And to do that, it’s turning to a powerful new tool: the Master File.

This document might sound like dull bureaucracy. But it’s at the center of a major shift in how Egypt ensures that multinational companies pay their fair share—and how much stays in the national budget for public services, infrastructure, and economic growth.

What’s the Master File?

Think of it as a global financial map. The Master File lays out the structure of a multinational enterprise—who owns what, where the money is made, how income moves between countries, and whether the company is abiding by local tax rules.

It provides tax authorities with insight into whether a company is following the internationally accepted Arm’s Length Principle, which requires transactions between related parties to be priced fairly—as if they were dealing with unrelated entities.

The Master File doesn’t just focus on Egypt—it provides a worldwide view. And that’s exactly what makes it so critical.

Egypt Embraces Global Standards

Since 2018, Egypt has taken steps to align its transfer pricing regulations with the OECD’s global standards, particularly Action 13 of the Base Erosion and Profit Shifting (BEPS) initiative. These rules aim to curb aggressive tax planning by ensuring transparency in cross-border transactions between related parties.

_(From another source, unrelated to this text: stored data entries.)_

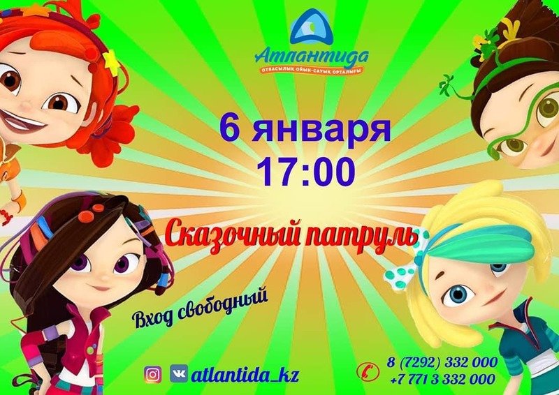 6 января, в 17:00, семейный центр "Атлантида" ждёт детей на увлекательное приключение со Сказочными патрулем.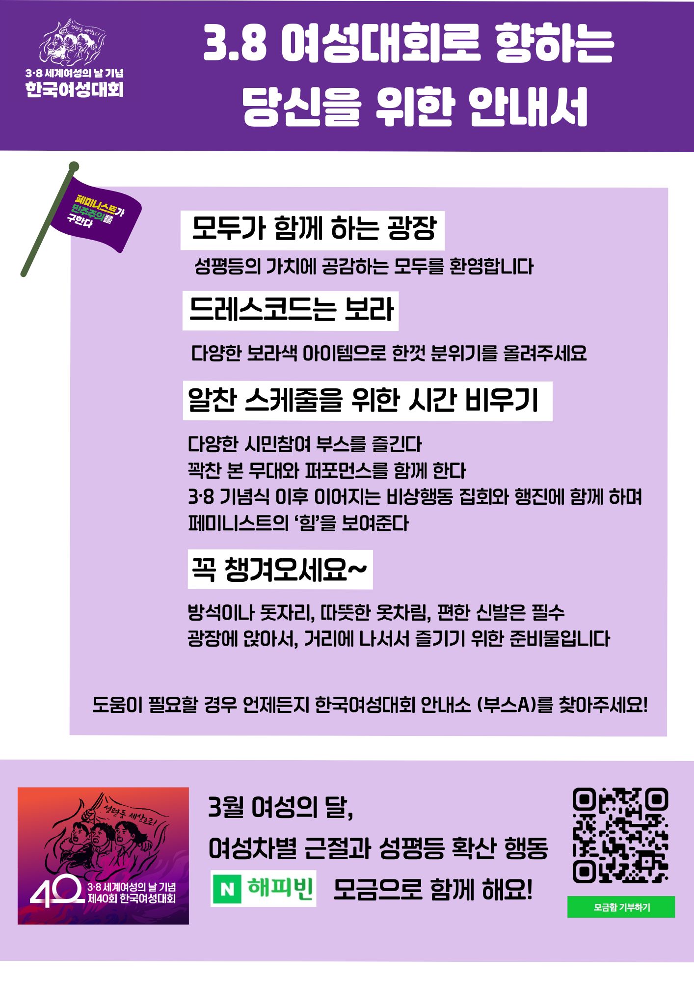 3.8 세계여성의 날 기념 제40회 한국여성대회 전체 프로그램 안내(총정리)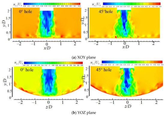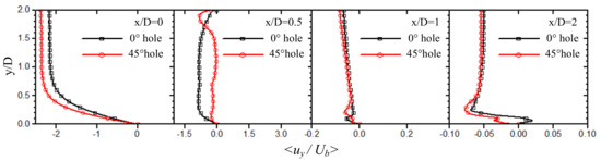 x/D = 0, the direction of the axial velocity of the jet coincides with the direction of the negative y-axis. Compared with the 0° straight hole, the obstruction of the rotation spiral groove of the 45° spiral hole makes the absolute value of time-averaged axial velocity in the center hole large. However, the length of the jet core with them is relatively close. In the region of the jet space at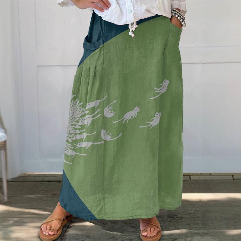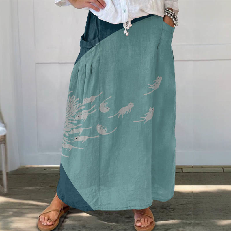 Dashingsoul Abstract Creative Dandelion And Cat Painting Art Print Casual Pocket Skirt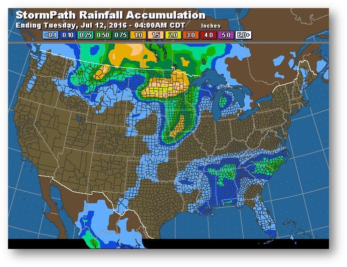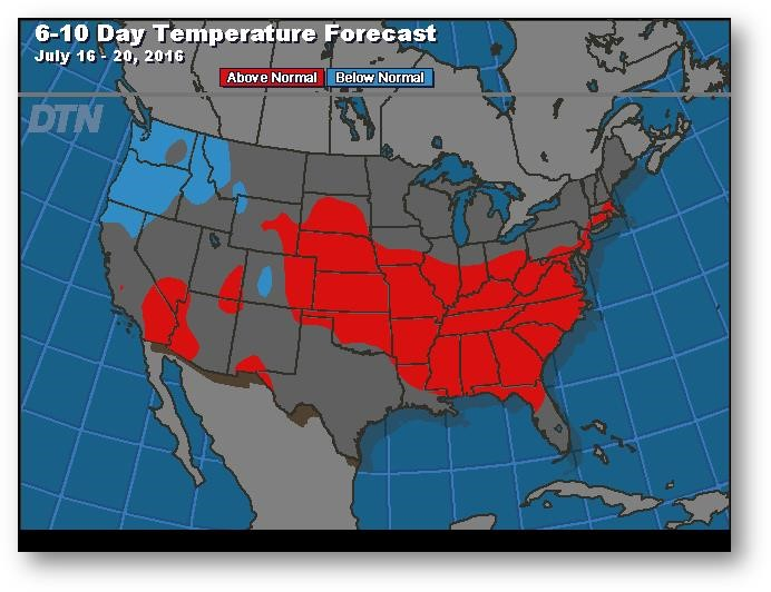Les prix ont fait un bond lors de l'ouverture de la séance de nuit dimanche en raison des inquiétudes grandissantes concernant les températures chaudes et les précipitations sous la normale dans les prévisions à court terme. Les fonds continuent de liquider leur position longue; le rapport COT de vendredi indique que les fonds gérés détenaient 86 000 contrats en date du mardi 5 juillet. Il s'agit d'une diminution de 82 000 contrats par rapport à la semaine précédente et de 182 000 contrats par rapport à la plus importante position dans la semaine s'étant terminée le 14 juin.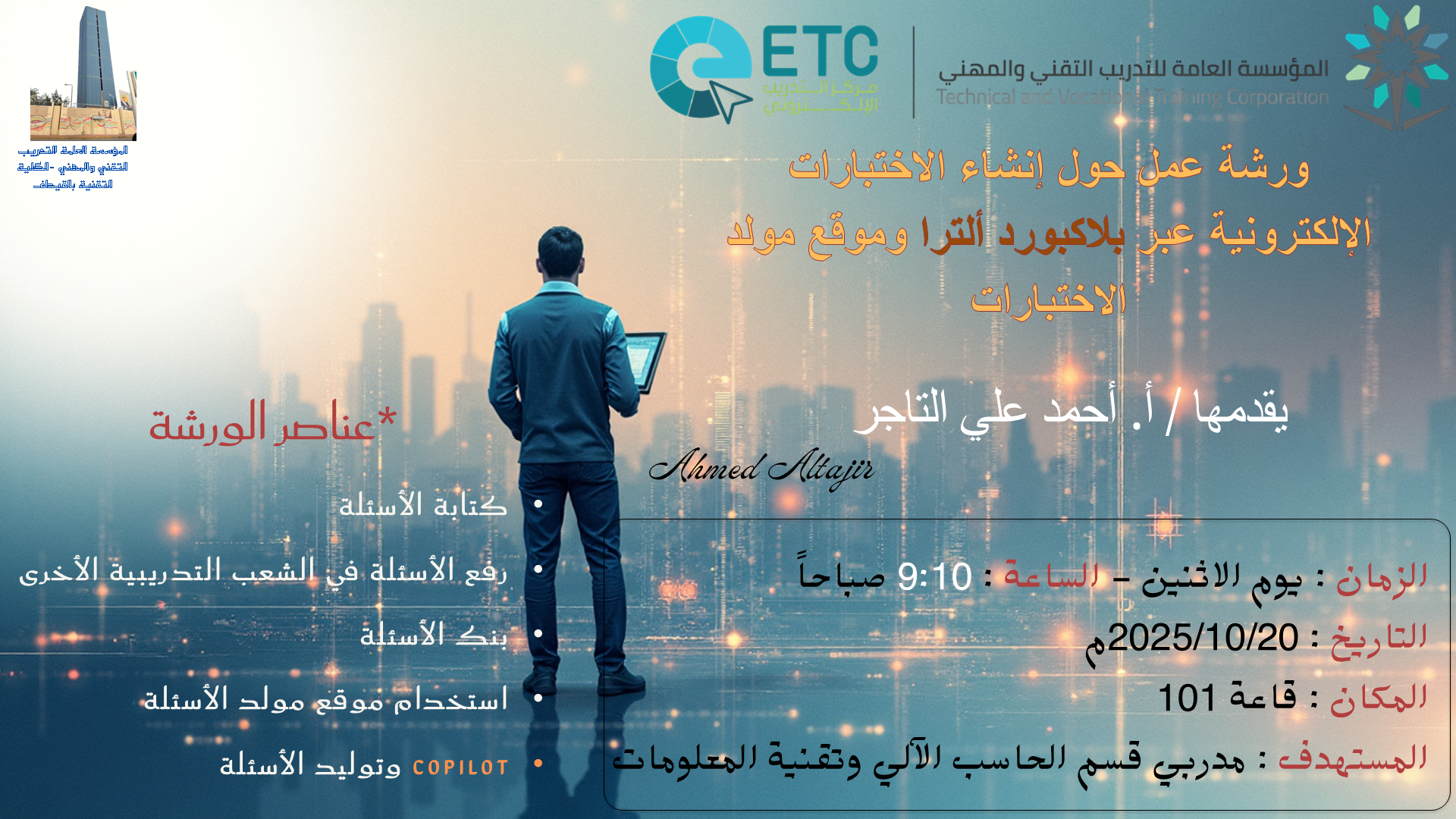 وقد ركز التاجر في ورش العمل على عدة عناصر أهمها كيفية كتابة الأسئلة على منصة التدرب الإلكتروني الجديدة " البلاك بورد الترا " والمخصصة للمؤسسة العامة للتدريب التقني والمهني وكيفية رفع الأسئلة في الشعب التدريبية وطريقة نسخها إلى الشعب الأخرى كما تطرق لكيفية تكوين بنك الأسئلة للشعب التدريبية والاستفادة منها في تكوين الاختبارات المختلفة .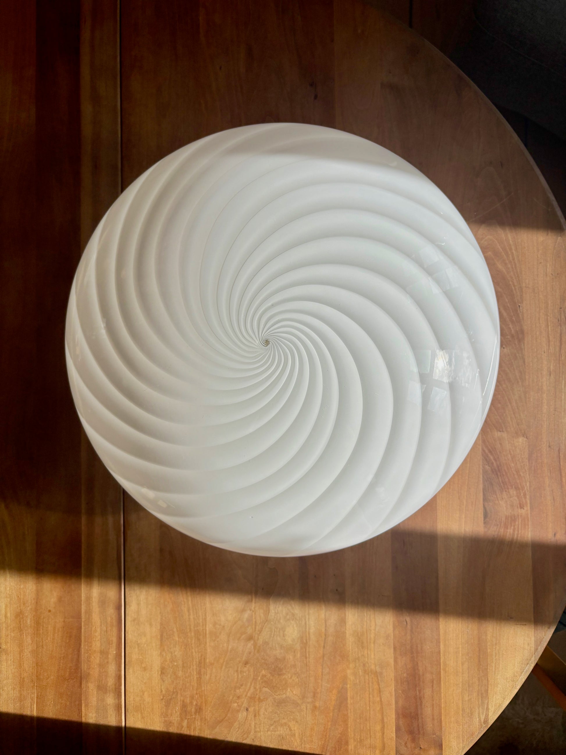 Kæmpe vintage Murano plafond hvidt swirl 46 cm

According to Ministerial Decree No. 547/2018, companies operating in Egypt that are part of a multinational group—and have related-party transactions exceeding EGP 15 million annually—are required to prepare and submit a Master File. This must be done electronically, no later than April 30 each year, alongside their corporate income tax return.

What the Master File Contains

The Master File isn’t a one-pager. It’s a comprehensive dossier that includes:

  • Corporate Structure: A full breakdown of the group’s legal and ownership links.
  • Business Overview: An explanation of the group’s global activities and major markets.
  • Intangible Assets: Information about intellectual property (IP), including where patents, trademarks, and other intangible assets are held, and how they are managed.
  • Intra-group Financing: Descriptions of internal loans, cash pooling, and funding arrangements between group entities.
  • Financial Position: Consolidated financial statements and summaries of any Advance Pricing Agreements (APAs) or tax rulings with other jurisdictions.

This information helps Egyptian authorities evaluate whether profits generated in Egypt are being appropriately taxed, or if they’re being shifted abroad through questionable pricing practices.

What Happens If Companies Don’t Comply?

Failure to submit the Master File—or submitting an incomplete or inaccurate one—can result in serious consequences:

  • Financial Penalties: Companies can be fined up to 3% of the value of undocumented related-party transactions.
  • Rejection of Transfer Pricing Documentation: The ETA may disregard the company’s transfer pricing position altogether.
  • Profit Reassessment: Authorities may re-calculate profits using their own methods.
  • Heightened Audits: Non-compliance may trigger deeper investigations and damage a company’s reputation.

Clearly, this is not just a paperwork issue—it’s a critical compliance obligation with real financial and reputational implications.

Why This Matters to Everyone

Even if you’re not in corporate finance, this affects you. When profits made in Egypt are shifted out of the country without proper taxation, public revenue suffers. That’s money that could have funded healthcare, education, transportation, and development programs.

The Master File is a step toward tax fairness. It ensures that companies benefiting from Egypt’s workforce, consumers, and infrastructure also contribute back to the system.

What Companies Should Do Now

Multinational companies operating in Egypt should act proactively by:

  • Aligning tax and financial planning early in the fiscal year.
  • Ensuring documentation matches both Egyptian requirements and the group’s global reports.
  • Engaging transfer pricing professionals familiar with both local and international tax frameworks.
  • Avoiding aggressive tax strategies that may not hold up under audit.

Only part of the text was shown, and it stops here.